There’s something of a sea change underway in the global AI debate, and it’s taking place in the UK of all places. But not in a subtle way, by any stretch. Members of Parliament are finally pushing back on one of the tech industry’s most beloved pastimes: running AI algorithms on huge swaths of online content without much regard for who actually owns it.

Their solution is simple, almost obvious. If an AI model is trained on someone’s content, they should probably have to pay for it.

At the moment, a UK parliamentary committee is calling on the government to implement what it’s calling a “licensing-first” model. That would mean that companies would need permission before they could use copyrighted works to train AI models. This includes everything from books and journalism to music, art and photography, basically all the raw material making up the web.

It’s not hard to understand why.

If you’ve followed the rise of AI at all, you may have encountered the term “text and data mining.” It sounds obscure, maybe even innocuous. But it basically means what it says on the tin: algorithms scouring huge amounts of web content in order to understand patterns. That’s how AI learns to generate text, images, summaries and conversations.

It’s clever stuff, certainly.

But there’s a part of the equation that some in the tech industry are occasionally reluctant to discuss. Much of that material is owned by people, authors and musicians and photographers and journalists, who often spend decades producing it.

And, understandably, they’re none too pleased about serving as the unpaid teaching assistants in AI’s classroom.

“The potential damage that could be inflicted on creators by the widespread use of generative AI without proper copyright permissions or payment of fair remuneration is clear and present,” the House of Lords Communications and Digital Committee warned in a briefing to the UK government. “If this happens, the creative industries which play such an important part in the success of the UK economy could be very seriously damaged.”

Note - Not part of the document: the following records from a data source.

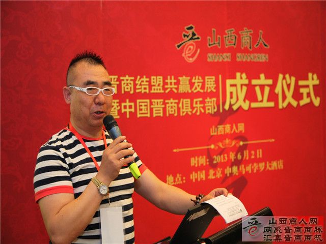 朋友们,晋商也有很多在全球影响力广泛的大家。但是几乎很少有人参与到晋商商帮的发展中。可能是缺少适合的平台。团结晋商,整合资源,这是一个难度很大的梦。为了实现这个山西梦,晋商梦,一位山西年轻人他坚持了5年,一个很清晰的思路,一个很特别的举措,成立“中国晋商俱乐部”,他在5年之后全力投入到了这个事业中,他就是晋商共赢(北京)科技服务有限公司董事长兼CEO刘文斌先生,祝贺刘总今天梦想成真,我们一起祝贺他。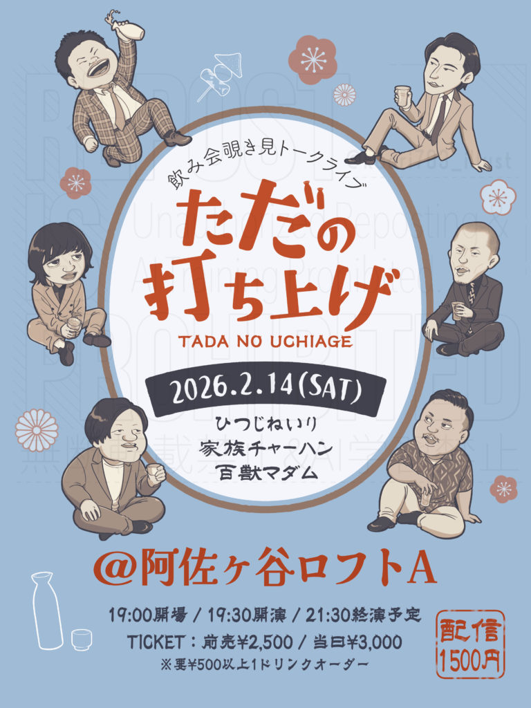 最近のコメント 表示できるコメントはありません。 お笑いライブ「ただの打ち上げ」フライヤー クライアントワーク 2026.02.072026.02.15 2026年2月14日に「阿佐ヶ谷ロフトA」にて行われるトークライブ「ただの打ち上げ」のフライヤー(会場印刷用、SNS掲載用)を制作いたしました。 制作データ 使用媒体フライヤー、SNS受注点数2点制作日数10日画材 / 使用機材Clip Studio Paint / Adobe Illustrator / iPad Pro / iMac寸法2894×4093px(フライヤー)2976×3969px(SNS)納品形態JPEG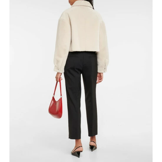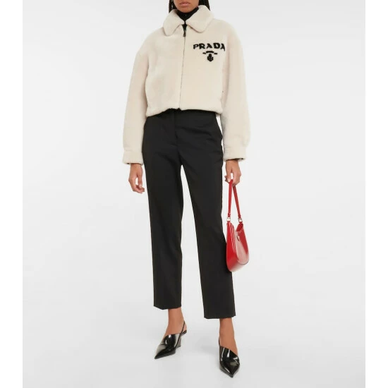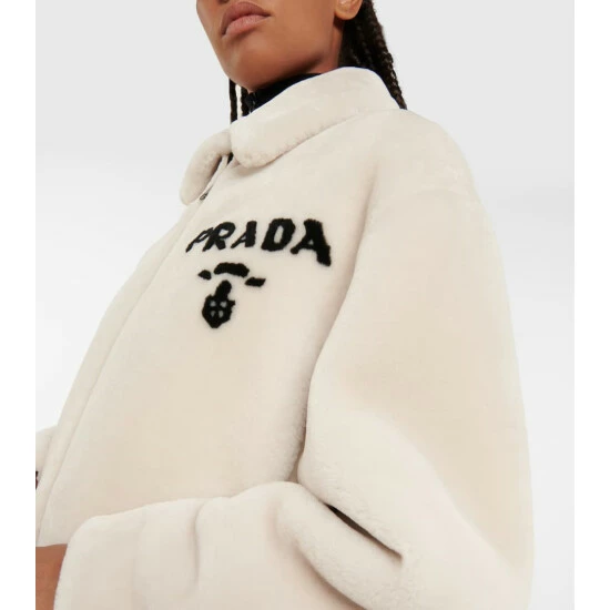 Prada updates this ’60s-tinged short jacket in plush shearling. Emblazoned with a contrasting logo, it has a zipped front, dropped shoulders, and a pointed collar.

You can practically hear the resentment from creators on the topic.

Imagine spending years writing a book, or an album, or a photography portfolio, only to discover that AI has somehow absorbed your style along the way. It’s not plagiarizing in the classical sense, perhaps, but it’s close enough to raise some eyebrows. But here’s the kicker: the artist would never even know.

Which is why some policymakers believe the default should be reversed. The onus should be on the AI provider to demonstrate it has licensed the material it used. Where did we get this data? How did we get it? Let’s make this transparent.

Sounds straightforward. Is actually tricky.

But it’s an idea that’s gaining traction. The U.K. isn’t the only country that’s grappling with the issue. Most countries are trying to figure out how to control AI without strangling its development.

It’s a delicate dance.

The European Union, for example, recently put forth its own proposal for an EU Artificial Intelligence Act that aims to increase the accountability and transparency of AI systems. It’s far from a cure-all, but it demonstrates that governments are serious about AI governance.

But here’s the thing.

When one jurisdiction gets serious, others often follow. Tech companies are global, they don’t respect borders, so a decision made in London or Brussels can affect how AI is developed in California, Toronto or Singapore.

So while this may seem like a U.K. issue, it’s really part of a broader game of tug-of-war.

If the U.K. does ultimately decide to require licenses, AI developers may have to completely reconsider how they acquire their training data. That could create all-new industries: companies that license data, publishers and news organizations that partner with AI providers, entire businesses that spring up just to supply AIs with material to learn from.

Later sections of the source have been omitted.